Task: In the entries below, which lines run from the one with "Tags adult, button" through the one with "- Spoon all"? Repeat exactly those, both included, and no pictures.

Provided records:
________________________________________
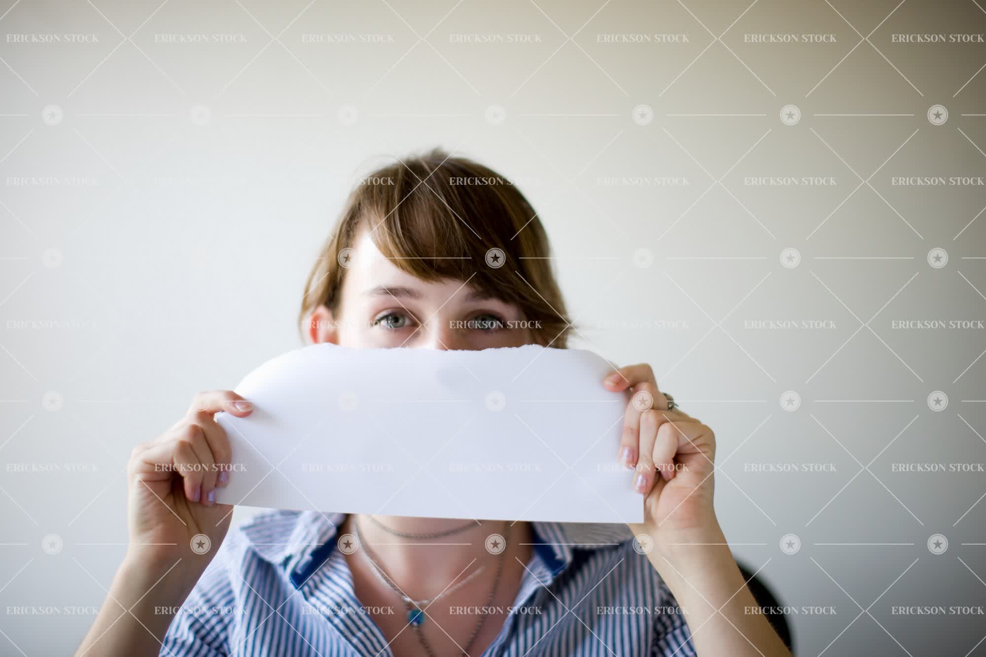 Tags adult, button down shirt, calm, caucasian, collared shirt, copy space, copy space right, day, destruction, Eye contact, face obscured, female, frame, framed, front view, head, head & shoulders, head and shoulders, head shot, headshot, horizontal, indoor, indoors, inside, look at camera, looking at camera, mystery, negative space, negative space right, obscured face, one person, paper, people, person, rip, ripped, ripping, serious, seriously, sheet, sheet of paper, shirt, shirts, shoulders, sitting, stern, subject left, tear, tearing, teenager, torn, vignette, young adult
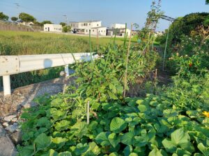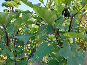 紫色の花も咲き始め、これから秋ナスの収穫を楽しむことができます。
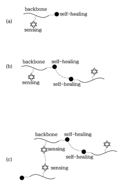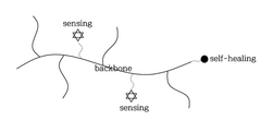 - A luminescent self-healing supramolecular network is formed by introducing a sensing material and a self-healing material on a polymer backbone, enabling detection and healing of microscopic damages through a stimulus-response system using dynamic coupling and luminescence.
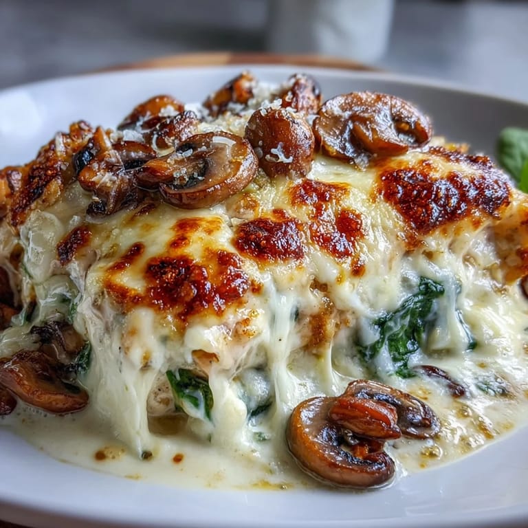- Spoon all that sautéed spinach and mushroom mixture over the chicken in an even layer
________________________________________
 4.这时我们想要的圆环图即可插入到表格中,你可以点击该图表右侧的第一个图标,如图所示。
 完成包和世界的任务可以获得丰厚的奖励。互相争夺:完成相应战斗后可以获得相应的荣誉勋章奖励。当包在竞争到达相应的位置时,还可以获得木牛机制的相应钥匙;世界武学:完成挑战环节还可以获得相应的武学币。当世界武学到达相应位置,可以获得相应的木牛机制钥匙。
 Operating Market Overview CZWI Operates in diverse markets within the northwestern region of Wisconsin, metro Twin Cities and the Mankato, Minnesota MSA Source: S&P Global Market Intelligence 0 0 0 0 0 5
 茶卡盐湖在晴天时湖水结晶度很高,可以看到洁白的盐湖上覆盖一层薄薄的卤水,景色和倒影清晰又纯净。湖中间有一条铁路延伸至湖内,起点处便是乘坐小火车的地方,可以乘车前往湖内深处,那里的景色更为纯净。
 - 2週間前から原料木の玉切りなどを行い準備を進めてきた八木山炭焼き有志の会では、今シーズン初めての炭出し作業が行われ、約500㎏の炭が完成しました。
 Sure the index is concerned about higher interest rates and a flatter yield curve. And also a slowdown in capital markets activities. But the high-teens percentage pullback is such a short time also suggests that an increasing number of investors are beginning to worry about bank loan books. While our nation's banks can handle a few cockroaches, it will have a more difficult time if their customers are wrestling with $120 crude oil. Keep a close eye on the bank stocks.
________________________________________
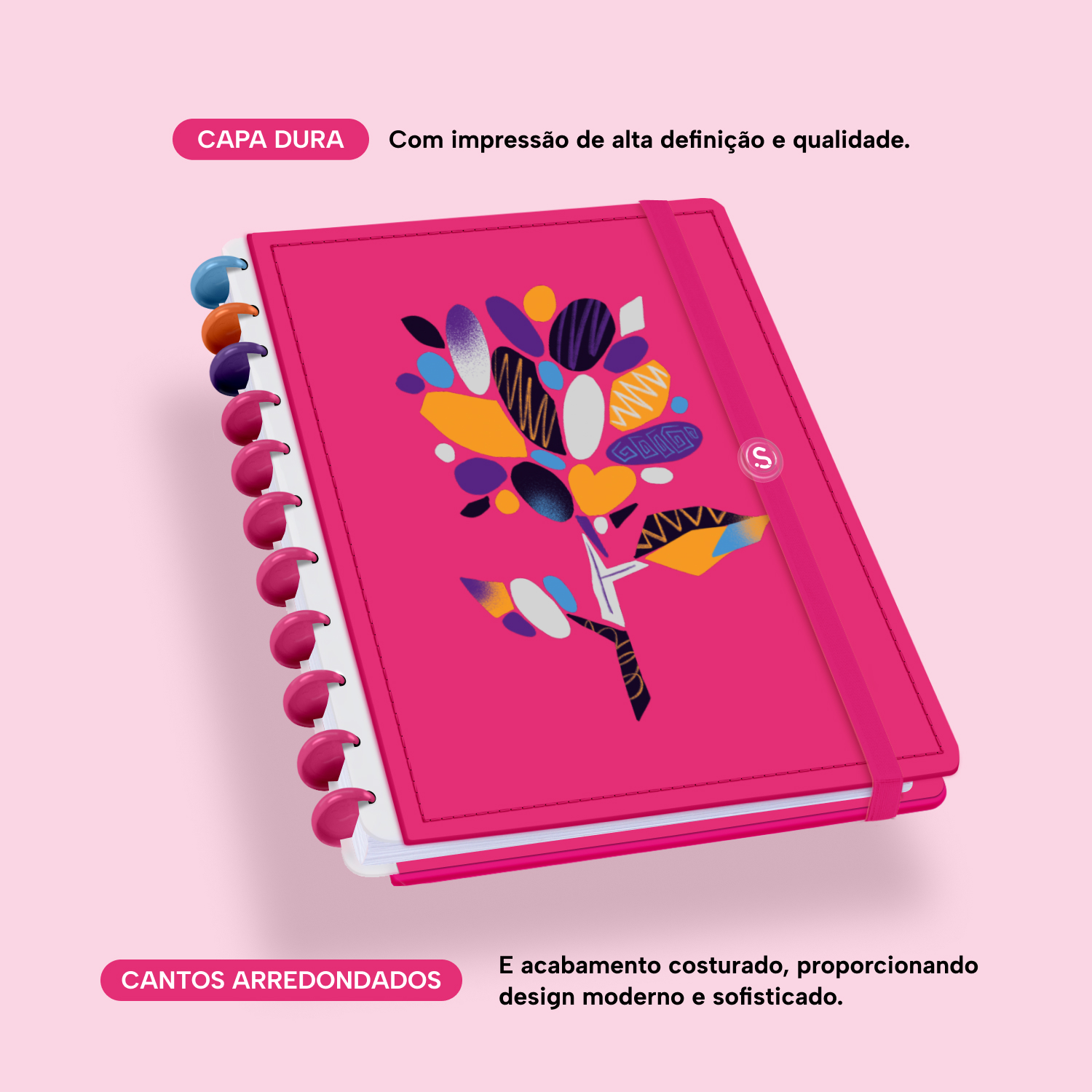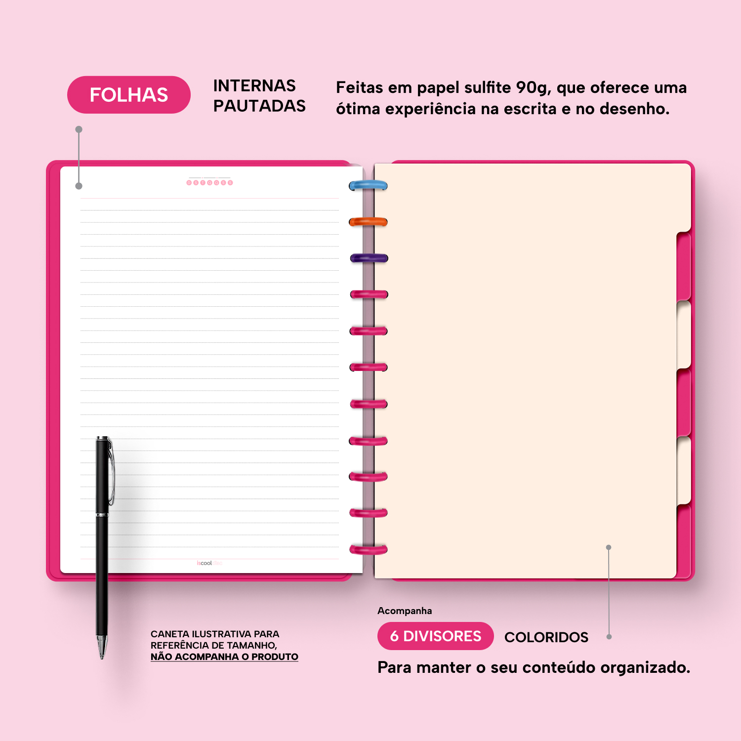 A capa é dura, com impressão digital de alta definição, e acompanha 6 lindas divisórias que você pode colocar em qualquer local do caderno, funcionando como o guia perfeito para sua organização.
________________________________________
Written response:
 Tags adult, button down shirt, calm, caucasian, collared shirt, copy space, copy space right, day, destruction, Eye contact, face obscured, female, frame, framed, front view, head, head & shoulders, head and shoulders, head shot, headshot, horizontal, indoor, indoors, inside, look at camera, looking at camera, mystery, negative space, negative space right, obscured face, one person, paper, people, person, rip, ripped, ripping, serious, seriously, sheet, sheet of paper, shirt, shirts, shoulders, sitting, stern, subject left, tear, tearing, teenager, torn, vignette, young adult
 紫色の花も咲き始め、これから秋ナスの収穫を楽しむことができます。
 - A luminescent self-healing supramolecular network is formed by introducing a sensing material and a self-healing material on a polymer backbone, enabling detection and healing of microscopic damages through a stimulus-response system using dynamic coupling and luminescence.
- Spoon all that sautéed spinach and mushroom mixture over the chicken in an even layer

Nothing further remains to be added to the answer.